_REQUIREMENT_
For this exercise, retype each line of the material below verbatim and omit any picture.

-------- SUPPLIED MATERIAL

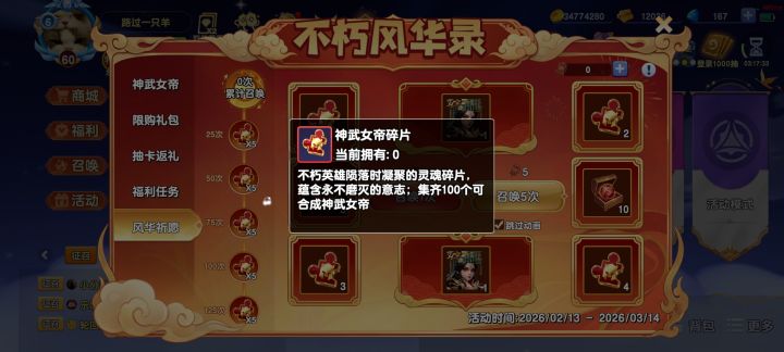 好像还是碎片合成的,白嫖党大部队等后期看看能不能白嫖吧(欧皇除外)
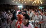 Deklarasi Pertiwi. Ketua Ibu-ibu anggota Perempuan Tangguh Pilih Jokowi (Pertiwi) mengikuti deklarasi dukungan kepada pasangan calon presiden nomor urut 01 Joko Widodo-Maruf Amin di Jakarta, Sabtu (17/11/2018). (FOTO : Republika/ Wihdan)
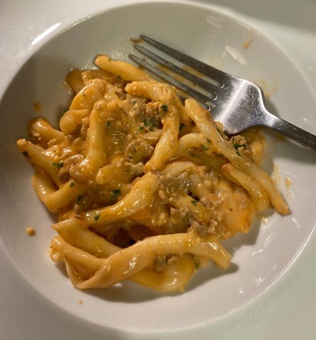On the menu are strozzopreti picchio pacchio. Later, when I check on the origins of that term, I learn picchio pacchio is a Sicilian dish, possibly a version of the sicilian pic pac (single syllables), reminding me of Tizi’s mother, who would refer to her speedy seering of a piece of meat in a pan for the kids as tric e trac (single syllables).
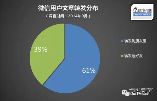 微信用户看到了想要转发的文章,61%转发到了朋友圈,39%的文章转发给好友。有目标性地分享可以看成是微信用户分享文章的特点,虽然转发到朋友圈可以让更多朋友看到,但依旧有接近40%的内容转发给好友。

----------------

_ANSWER TO THIS PROBLEM_
 好像还是碎片合成的,白嫖党大部队等后期看看能不能白嫖吧(欧皇除外)
 Deklarasi Pertiwi. Ketua Ibu-ibu anggota Perempuan Tangguh Pilih Jokowi (Pertiwi) mengikuti deklarasi dukungan kepada pasangan calon presiden nomor urut 01 Joko Widodo-Maruf Amin di Jakarta, Sabtu (17/11/2018). (FOTO : Republika/ Wihdan)
On the menu are strozzopreti picchio pacchio. Later, when I check on the origins of that term, I learn picchio pacchio is a Sicilian dish, possibly a version of the sicilian pic pac (single syllables), reminding me of Tizi’s mother, who would refer to her speedy seering of a piece of meat in a pan for the kids as tric e trac (single syllables).
 微信用户看到了想要转发的文章,61%转发到了朋友圈,39%的文章转发给好友。有目标性地分享可以看成是微信用户分享文章的特点,虽然转发到朋友圈可以让更多朋友看到,但依旧有接近40%的内容转发给好友。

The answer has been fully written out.